Technical specifications of a serverless, multi-tenant Git-backed Headless CMS running entirely in V8 sandbox isolates on Cloudflare's serverless edge infrastructure.

01 / SYSTEM TOPOLOGY

Serverless Edge-Native Architecture

Pouta is built on a serverless edge-native architecture using Cloudflare Pages, Cloudflare Workers, and SQLite at the Edge (Cloudflare D1). It combines static-first marketing pages with server-side rendered (SSR) admin API routes executing globally on Cloudflare’s Edge network inside lightweight V8 isolates.

Data Flow Relationships Client Browser CMS React UI BlockNote Canvas 1. Fetch / Autosave 8. Edge Draft Cache Cloudflare Edge Node AES-GCM Web Crypto Seal RS256 JWT Edge Signer Cloudflare D1 SQLite Edge Serverless API Routes 6. API Commits GitHub Infrastructure GitHub App Gateway Target Repository

Pouta decouples static delivery from server compute. It handles dynamic draft caching inside local Cloudflare D1 SQLite replicas globally. When a collaborator publishes, the system translates the BlockNote ProseMirror JSON block array into GFM Markdown with YAML frontmatter and commits it directly to your remote repository via the GitHub API.
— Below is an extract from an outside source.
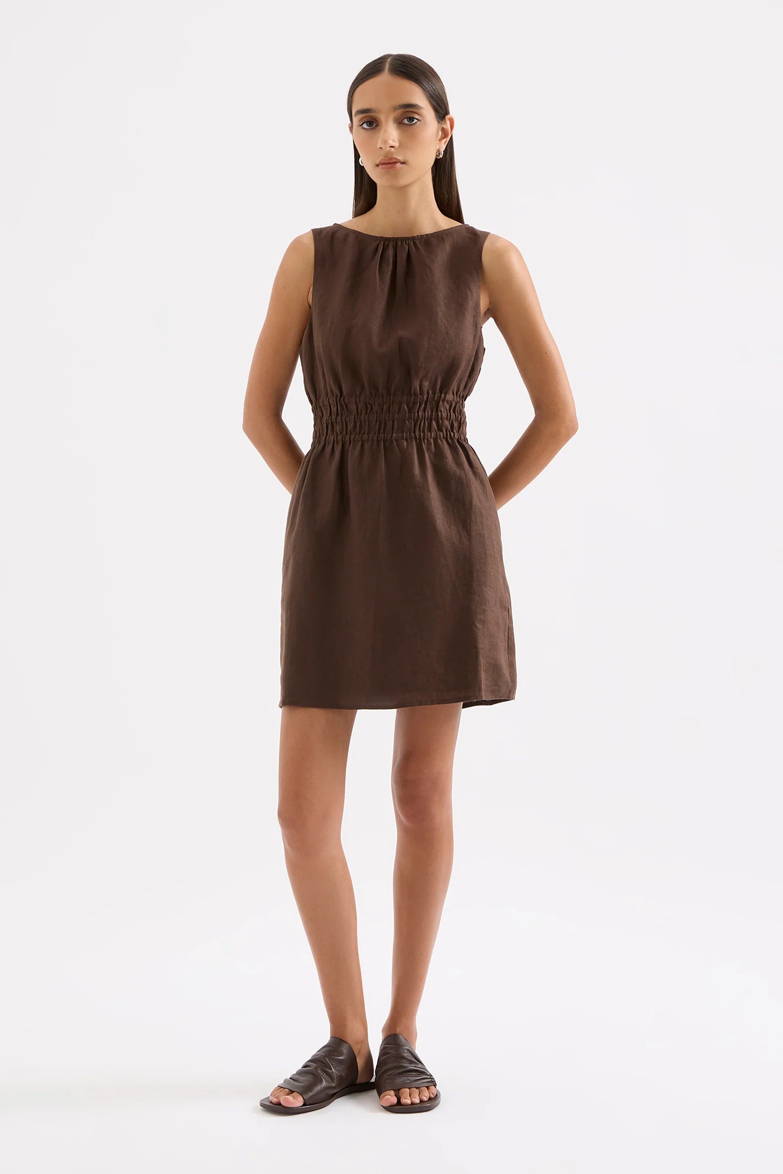 The Andri Linen Mini Dress is made from premium linen fabrication with a breathable, soft hand feel. This mini dress features a high boat neckline, shirred elastic waist, side seam pockets, invisible zipper at back and gathers at front neck.

02 / EDGE SESSION CRYPTOGRAPHY

Stateless Session Seals (AES-GCM)

To eliminate edge database lookup overhead and ensure zero cold-start delay, Pouta uses stateless secure session seals placed directly into an HTTP-only, secure cookie (pouta_session) using the Web Crypto API.

A. Key Derivation & Cryptographic Import

A high-entropy symmetric AES-GCM key is dynamically derived from the environment variable SESSION_SECRET. The passphrase is encoded to UTF-8 bytes and imported into the Web Crypto API context: 

const rawSecret = new TextEncoder().encode(env.SESSION_SECRET);
const keyDigest = await crypto.subtle.digest('SHA-256', rawSecret);
const cryptoKey = await crypto.subtle.importKey(
  'raw',
  keyDigest,
  { name: 'AES-GCM' },
  false,
  ['encrypt', 'decrypt']
);
B. The Encryption Cycle (Sealing)

During OAuth token exchanges, an ephemeral 12-byte Initialization Vector (IV) is generated: 

const iv = crypto.getRandomValues(new Uint8Array(12));

The payload is encrypted via crypto.subtle.encrypt, converted to Base64, and serialized into a single string formatted as ivBase64:ciphertextBase64 in a secure SameSite=Lax cookie.

03 / EDGE RS256 JWT

Edge-Native JWT Signers

Pouta writes files using temporary GitHub App Installation Access Tokens instead of permanent personal tokens. The App private key is Base64 encoded inside environment variables (GITHUB_APP_PRIVATE_KEY_B64) to prevent PEM spacing issues in serverless sandboxes.

PKCS#8 RSA Key Import

The private key string is parsed, stripped of boundaries, decoded from Base64 into an ArrayBuffer, and imported dynamically into the V8 sandbox isolate: 

const privateCryptoKey = await crypto.subtle.importKey(
  'pkcs8',
  binaryKeyBuffer,
  {
    name: 'RSASSA-PKCS1-v1_5',
    hash: { name: 'SHA-256' },
  },
  false,
  ['sign']
);

Using the imported private key, Pouta signs dynamic JWT claims (iss, iat, exp) to authenticate as the App itself. It sends this JWT in an HTTP POST request to GitHub's installations token exchange endpoint to fetch a highly restricted 1-hour Installation Access Token.

04 / TENANCY GATES

Multi-Tenant Isolation Gates

Multi-tenancy security is enforced at the edge. A request cannot read, write, upload, or save any draft without successfully clearing three strict validation gates:

GATE 1 Cryptographic Verification

The sealed session cookie must decrypt using the edge node's secret key, verifying the caller has a valid, untampered signature.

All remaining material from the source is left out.